◆ **WHAT IS NEEDED**
Please repeat every entry exactly as given, apart from dropping the images.

*** Begin section ***

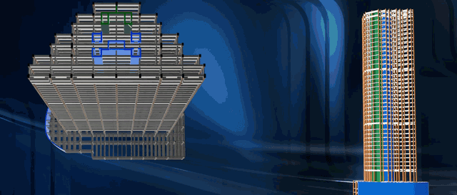 塔楼立面分为上、中、下三段,设计了充分的空中绿化,充满未来主义的立面中透出Artdeco风格,与上海这座远东都市形象相契合.南边的塔楼顶部甚至设计了一座直升机停机坪,而这也是上海唯一的住宅停机坪.
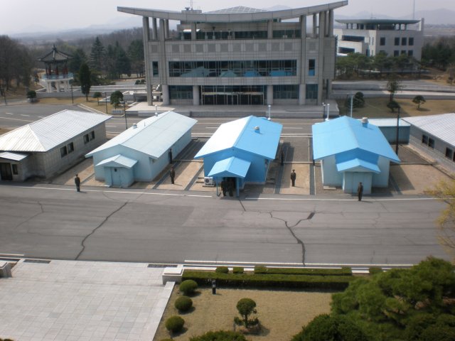 Это тридцать восьмая параллель ? это именно то самое здание, которое отделяет Северную от Южной Кореи. Вот эти бараки, это места проведения конференций и встреч представителей Южной и Северной Кореи, тридцать восьмая параллель.
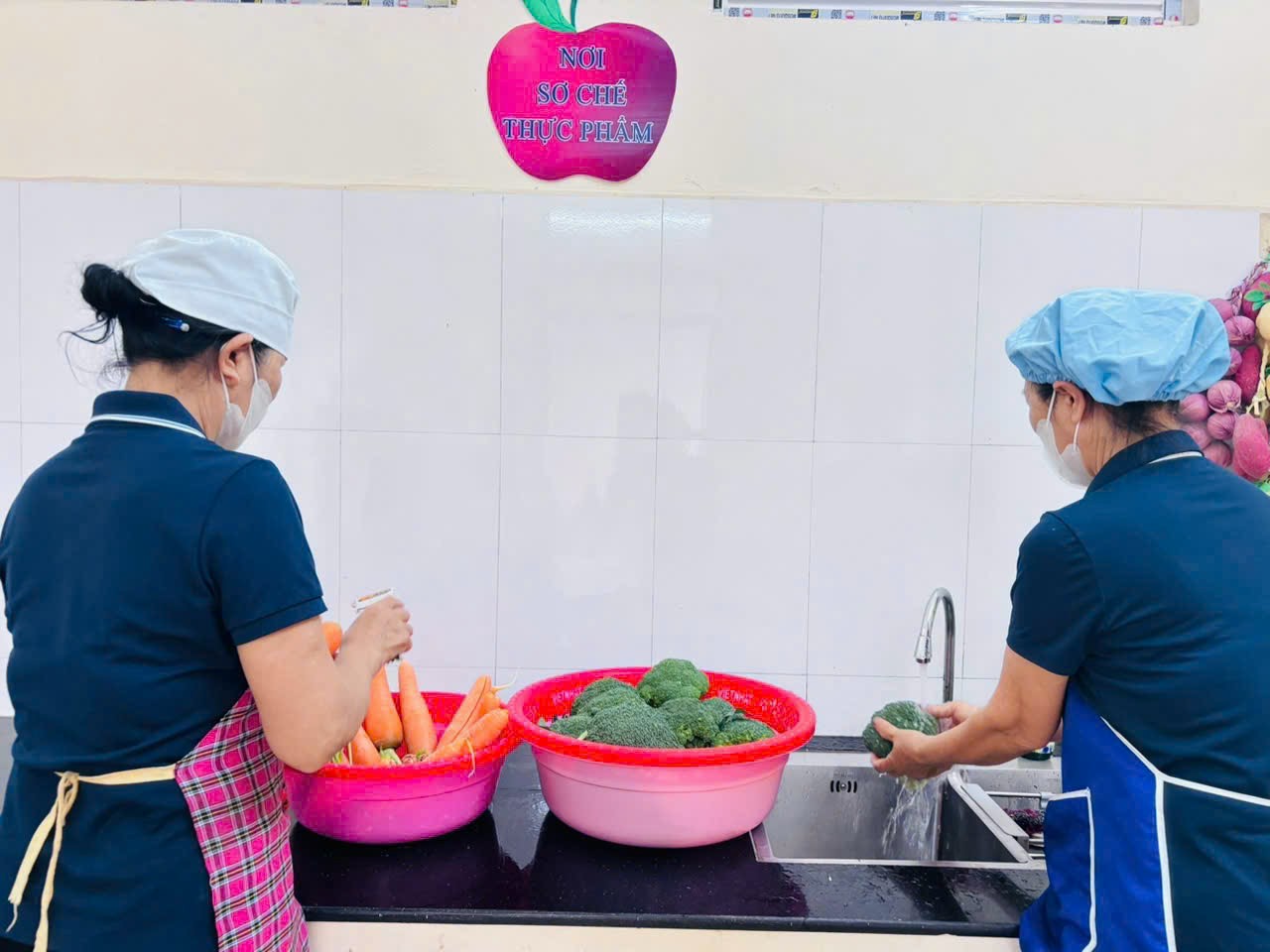 Trước hết, nhà trường đặc biệt quan tâm đến khâu lựa chọn và tiếp nhận thực phẩm. Thực phẩm được nhập vào luôn đảm bảo tươi, ngon, sạch, có nguồn gốc rõ ràng và được kiểm tra kỹ lưỡng trước khi đưa vào chế biến. Đây là yếu tố quan trọng nhằm đảm bảo an toàn vệ sinh thực phẩm, phòng tránh các nguy cơ gây hại đến sức khỏe của trẻ.
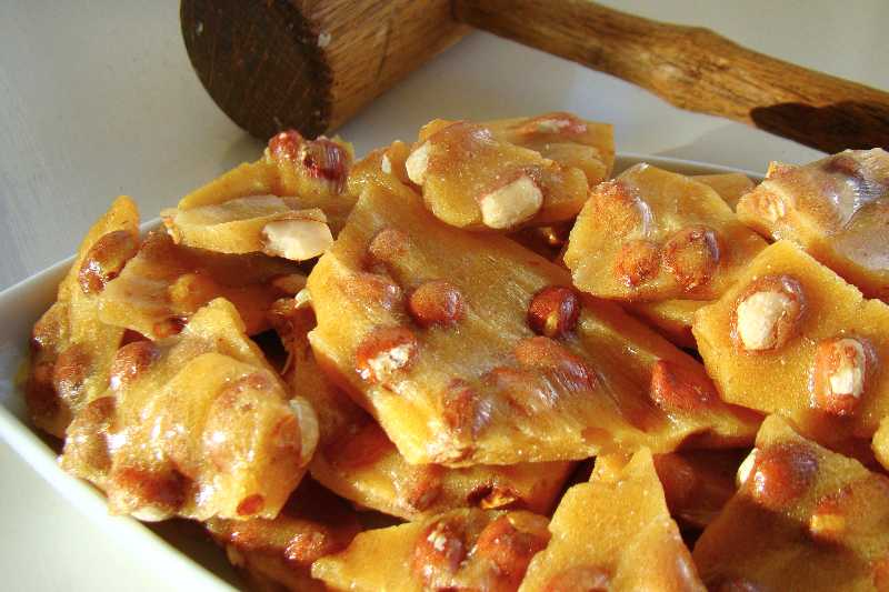 Brittle is a hard, crunchy candy made by cooking sugar until it caramelizes and then mixing in nuts or seeds before letting it cool and harden. Peanut brittle is the most common variety eaten in the United States. Many countries have their own versions of brittle, such as in India, where a candy called chikki is made by combining roasted peanuts or sesame seeds with melted jaggery (a type of unrefined sugar).
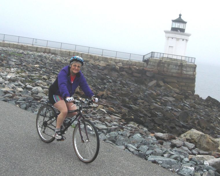 Rosemarie De Angelis, chairwoman of South Portland’s bicycle/pedestrian committee, rides her own bike past Bug Light. On July 17, South Portland’s assistant city manager, Jon Jennings, will appear before De Angelis’ group to unveil a proposal for a new “bike share” program that could be launched citywide next spring. Staff photo by Duke Harrington
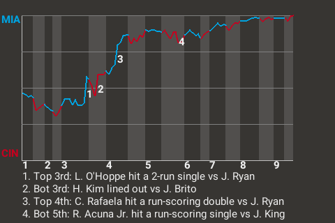 In the top of the 3rd, Miami took the lead on a 2-run single by Logan O'Hoppe. At the time, the Marlins were trailing 1-0, but O'Hoppe's hit with two outs against Cincinnati pitcher Joe Ryan put them in front, 2-1.

*** End section ***

◆ **TASK SOLUTION**
 塔楼立面分为上、中、下三段,设计了充分的空中绿化,充满未来主义的立面中透出Artdeco风格,与上海这座远东都市形象相契合.南边的塔楼顶部甚至设计了一座直升机停机坪,而这也是上海唯一的住宅停机坪.
 Это тридцать восьмая параллель ? это именно то самое здание, которое отделяет Северную от Южной Кореи. Вот эти бараки, это места проведения конференций и встреч представителей Южной и Северной Кореи, тридцать восьмая параллель.
 Trước hết, nhà trường đặc biệt quan tâm đến khâu lựa chọn và tiếp nhận thực phẩm. Thực phẩm được nhập vào luôn đảm bảo tươi, ngon, sạch, có nguồn gốc rõ ràng và được kiểm tra kỹ lưỡng trước khi đưa vào chế biến. Đây là yếu tố quan trọng nhằm đảm bảo an toàn vệ sinh thực phẩm, phòng tránh các nguy cơ gây hại đến sức khỏe của trẻ.
 Brittle is a hard, crunchy candy made by cooking sugar until it caramelizes and then mixing in nuts or seeds before letting it cool and harden. Peanut brittle is the most common variety eaten in the United States. Many countries have their own versions of brittle, such as in India, where a candy called chikki is made by combining roasted peanuts or sesame seeds with melted jaggery (a type of unrefined sugar).
 Rosemarie De Angelis, chairwoman of South Portland’s bicycle/pedestrian committee, rides her own bike past Bug Light. On July 17, South Portland’s assistant city manager, Jon Jennings, will appear before De Angelis’ group to unveil a proposal for a new “bike share” program that could be launched citywide next spring. Staff photo by Duke Harrington
 In the top of the 3rd, Miami took the lead on a 2-run single by Logan O'Hoppe. At the time, the Marlins were trailing 1-0, but O'Hoppe's hit with two outs against Cincinnati pitcher Joe Ryan put them in front, 2-1.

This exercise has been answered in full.